Ladies and gentlemen,

Only after listing these three elements – equality of opportunity, appreciation of education, and the quality of teachers – would I start looking at other issues, as success factors of the education system in Finland.  But of course, there are many important ones. I will mention some of them:

  • The education model is based on the empowerment of schools. While legislation and a core curriculum come from national level, and local authorities have the responsibility to implement those, schools have a lot of freedom in how they provide instruction, and what its contents are.
  • A student-centered approach: It is actually efficient – good learning results are achieved with short school days, and a relatively small amount of homework. Students spend much less time in the classroom than in many other countries. Each student’s learning and welfare are also supported and tailored to individual needs as much as possible. Students in upper grades are offered guidance in choosing their educational paths.
  • I also want to mention something very typically Finnish: free school meals. All pupils in primary and secondary school in Finland are served daily a warm school meal. Taking care of nutritional needs is important for learning, and for general welfare, including hopefully also taking up healthy eating habits in a longer term.
  • Flexibility of the educational path: No dead ends. No need to make binding choices too early. The possibility, for instance, to continue from vocational education to university – not only from upper secondary school, which is the most common route.
  • Staying in school: More than 90% of students take up general or vocational upper secondary studies immediately after basic education. It is very uncommon to leave school at 16 when the legal requirement ends.

Ladies and gentlemen,

A few words on the important issue of vocational education: In past years, interest in vocational education and training has been steadily growing in Finland. At present, some 45% of students at 16 continue into vocational education. For the labour market and national economy, this is an important point, as they need young people with many kinds of educational background and skills, not only university graduates.

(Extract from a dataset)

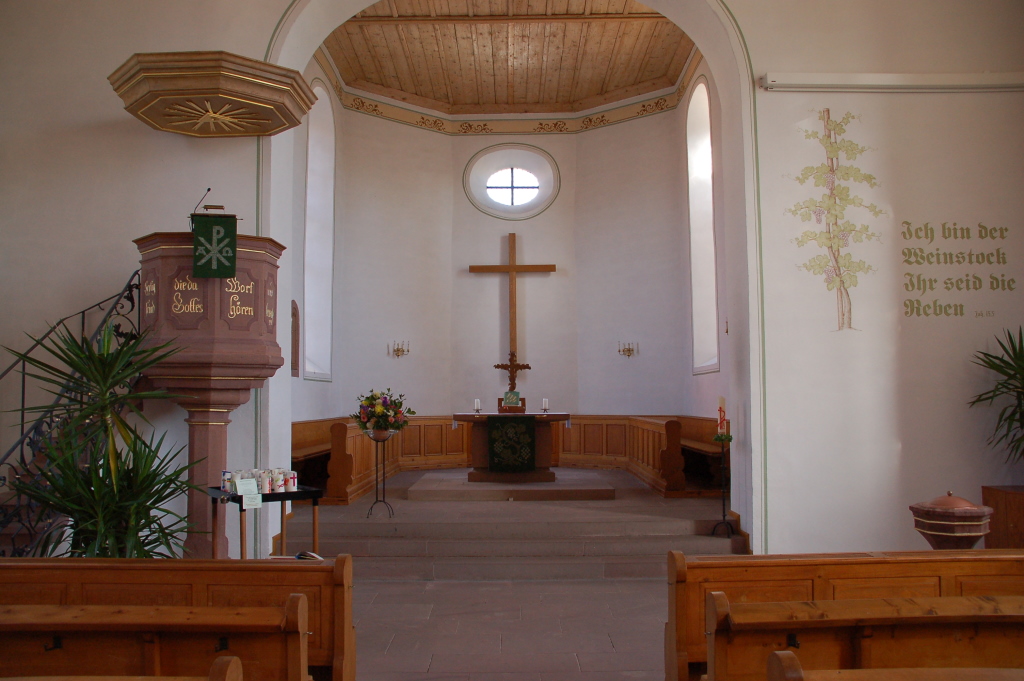 Ansicht zum Altarraum der protest. Kirche in Schweigen-Rechtenbach
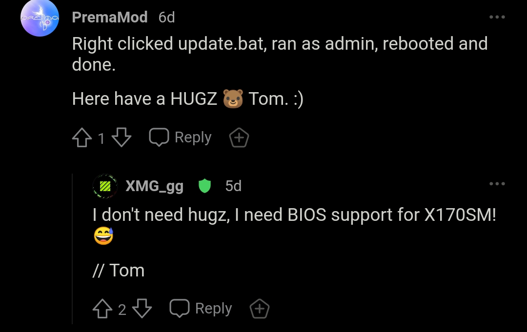 Couldn't agree more! This sense of "entitlement" is basically false. It is someone's personal work. They are buying the machine because they want to, not because he has forced them to do so. Now if you buy from his partners, you have the edge. If you are like me and don't have access to Prema partners anywhere in your local geographical buy zone then you just have to ask the man to do you the favor. If he does, all thanks to him. If he doesn't, I DO NOT have the right to sound all fired up and talk about "trust". There is nothing "wrong" with this machine in the first place. Even before Prema Mod, my machine was beating many desktops in terms of raw performance and thermals by doing some nifty tweaks and adjustments. Prema Mod is just the cherry on top for me. In order to put it into perspective for any newcomers, Prema is NOT owned by Clevo. This is his "personal" venture. If you want to get his firmware, either buy this machine from his partner or try to get it directly from him. Don't raise any "trust" concerns because they are utterly unfounded and borderline ridiculous.Last edited: Feb 23, 2021raz8020, electrosoft, jclausius and 1 other person like this.

Polytechnics in Finland are also an important part of that picture. They form part of the higher education system, but are more practically oriented than universities. The aim is to train professionals in a way that is responsive to labour market needs, and to conduct research and development that supports instruction and promotes regional development.

And finally, I would like to say something about life-long learning: More than half of the adult population in Finland participates in adult education. Study opportunities are available at all educational levels. It is possible, at any age, for instance, to go back to upper secondary school. There are also flexible ways for adults to maintain vocational skills, or to qualify for a completely new occupation. And there are less formal avenues: every Autumn in Finland, adults of all ages queue to locally organized evening classes to learn anything from handicrafts to languages to ancient history. Mostly, they do this simply because they find learning an enjoyable hobby. Over the years, I have taken many of those classes myself.

Ladies and gentlemen,

To try to sum up: The good results in education in Finland are produced by a system that is based on equal opportunity, flexibility, highly professional teaching staff, and an appreciation of learning. It is not magic tricks, or individual techniques that produce the results. But when the results are produced, that is magic J. Wherever I go, I like to emphasize the importance of education. I believe it is perhaps the single most important factor in the success and fulfillment of an individual, and a nation.

I realize that the elements I have listed here today are not necessarily all unique to Finland – and also that good results can be produced by different kinds of systems. Obviously, I also know that the Finnish system – while very good – is not perfect. No system can ever be.

Nevertheless, it is always good to share experiences and learn from each other. I hope that what I have had to say today, has given you some useful food for thought.

I thank you for your kind attention.